[[ DATA RECORDS open ]]
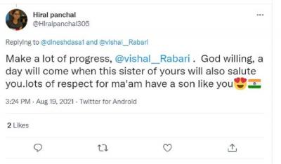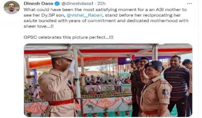 त्यापुढे त्यांनी म्हटलंय की, अनेक वर्षाच्या मेहनतीनंतर आणि आईच्या कष्टानं या शिखरावर पोहचलेल्या मुलानं भावूक होत समोर उभ्या असलेल्या आईला सॅल्यूट दिला. गुजरात पोलीस सर्व्हिस कमिशनसाठी हा एक परफेक्ट फोटो आहे.
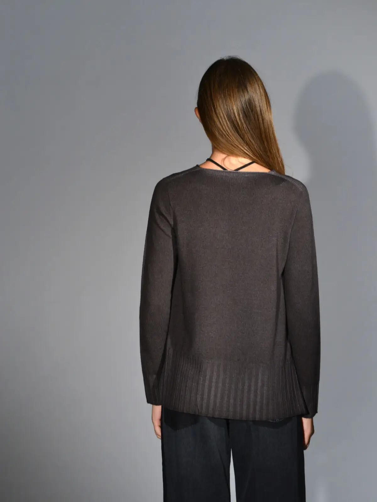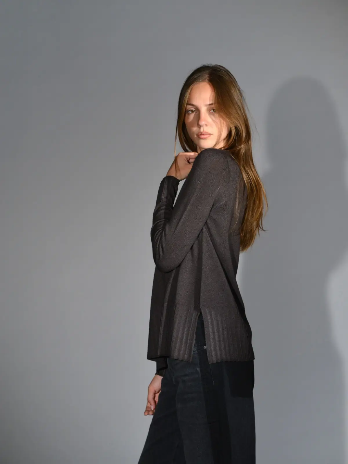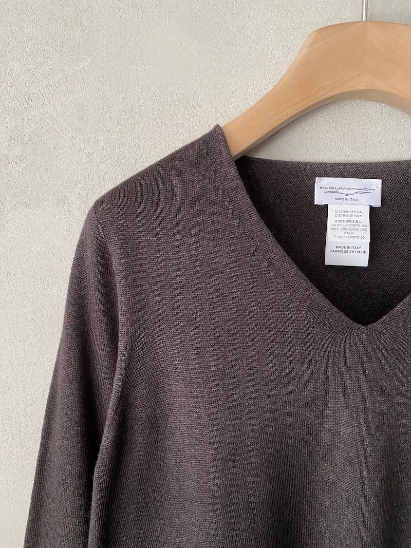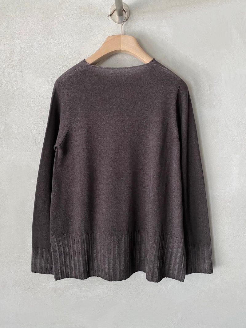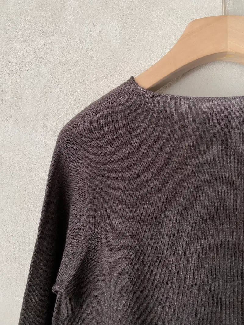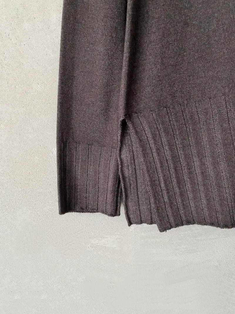 Extra-fine merino wool sweater, V-neck, long sleeve, side slits. Size S measurements: length 70 cm, width 48 cm. Later size measurements will increase by 2 cm in length and 4 cm in circumference.
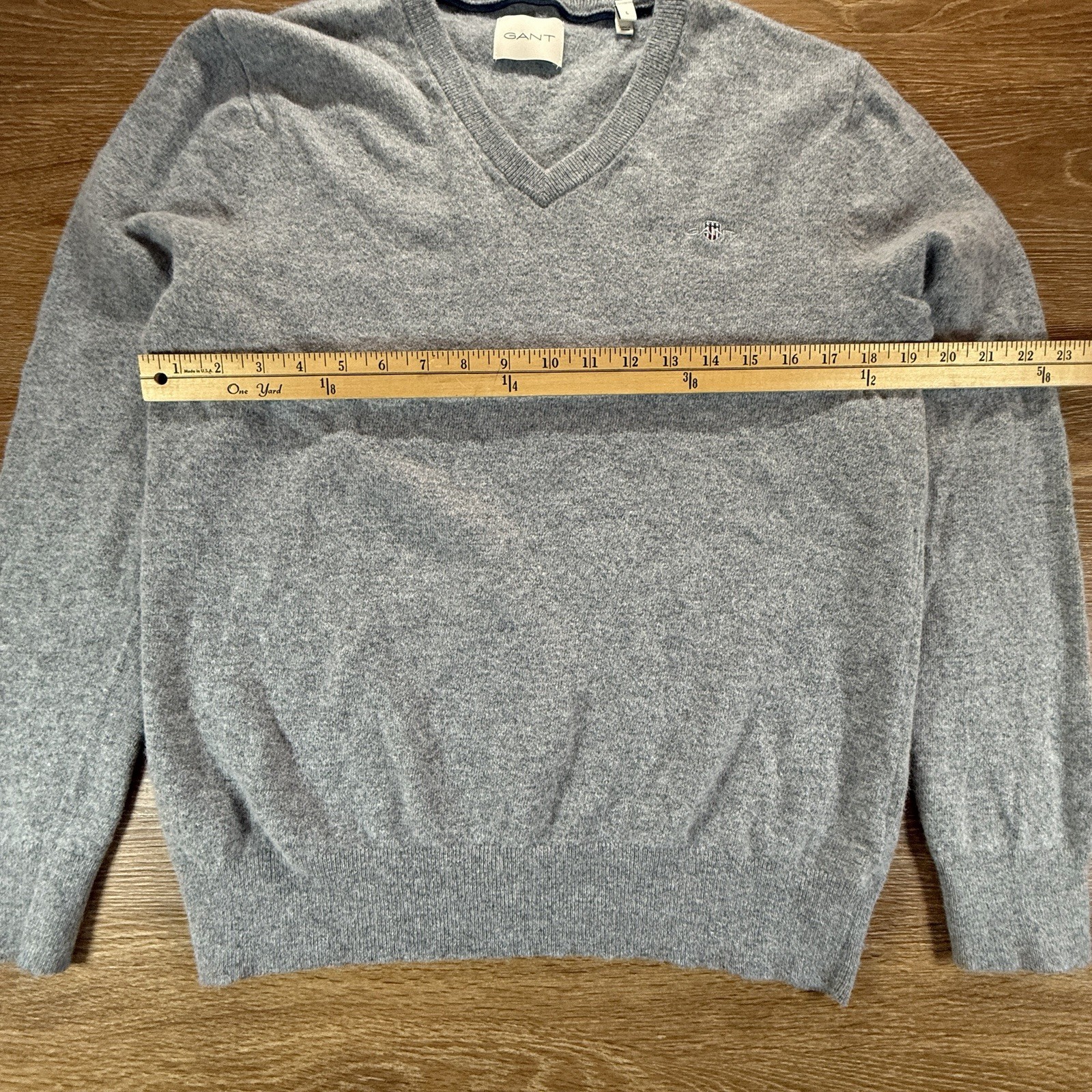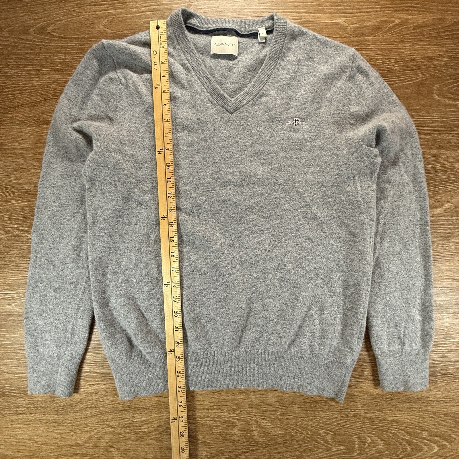 GANT Sweater Men s L Gray V Neck Lambswool Blend Classic Logo Knit Casual Preppy
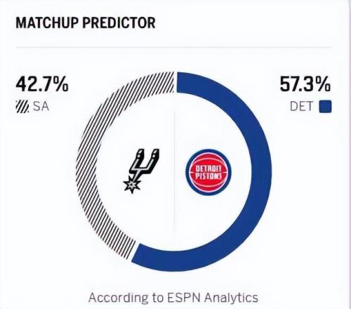 反觀馬刺,近期的狀態火熱,憑借一波8連勝,拿到40勝16負的戰績,位居西部第二,與雷霆的差距隻有3個勝場,並甩開身後的掘金5個勝場差。馬刺隊過去兩場主場比賽分別擊敗太陽和國王,延續了連勝勢頭。上一場對陣國王,馬刺以139比122兵不血刃取勝,核心文班亞馬延續無解表現,拿下28分15個籃板6次助攻的全麵數據,帶領球隊多點開花、輕鬆取勝。此役,活塞的杜倫與內線怪物文班亞馬的較量,無疑看點十足。賽前,美媒ESPN預測本場比賽,馬刺取勝的概率為42.7%,活塞勝率57.3%。
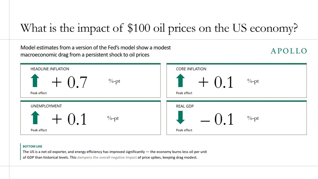 Um estudo da Apollo Management sugere impacto muito moderado da alta do petróleo sobre a inflação. Apesar da gasolina ter peso superior a 3% na inflação, a economia americana é exportadora de energia e, portanto, menos dependente do petróleo.
[[ DATA RECORDS closed ]]
#### [WHAT IS BEING ASKED]
Apart from the images, print all the material above exactly as given.

#### [WRITTEN ANSWER]
 त्यापुढे त्यांनी म्हटलंय की, अनेक वर्षाच्या मेहनतीनंतर आणि आईच्या कष्टानं या शिखरावर पोहचलेल्या मुलानं भावूक होत समोर उभ्या असलेल्या आईला सॅल्यूट दिला. गुजरात पोलीस सर्व्हिस कमिशनसाठी हा एक परफेक्ट फोटो आहे.
 Extra-fine merino wool sweater, V-neck, long sleeve, side slits. Size S measurements: length 70 cm, width 48 cm. Later size measurements will increase by 2 cm in length and 4 cm in circumference.
 GANT Sweater Men s L Gray V Neck Lambswool Blend Classic Logo Knit Casual Preppy
 反觀馬刺,近期的狀態火熱,憑借一波8連勝,拿到40勝16負的戰績,位居西部第二,與雷霆的差距隻有3個勝場,並甩開身後的掘金5個勝場差。馬刺隊過去兩場主場比賽分別擊敗太陽和國王,延續了連勝勢頭。上一場對陣國王,馬刺以139比122兵不血刃取勝,核心文班亞馬延續無解表現,拿下28分15個籃板6次助攻的全麵數據,帶領球隊多點開花、輕鬆取勝。此役,活塞的杜倫與內線怪物文班亞馬的較量,無疑看點十足。賽前,美媒ESPN預測本場比賽,馬刺取勝的概率為42.7%,活塞勝率57.3%。
 Um estudo da Apollo Management sugere impacto muito moderado da alta do petróleo sobre a inflação. Apesar da gasolina ter peso superior a 3% na inflação, a economia americana é exportadora de energia e, portanto, menos dependente do petróleo.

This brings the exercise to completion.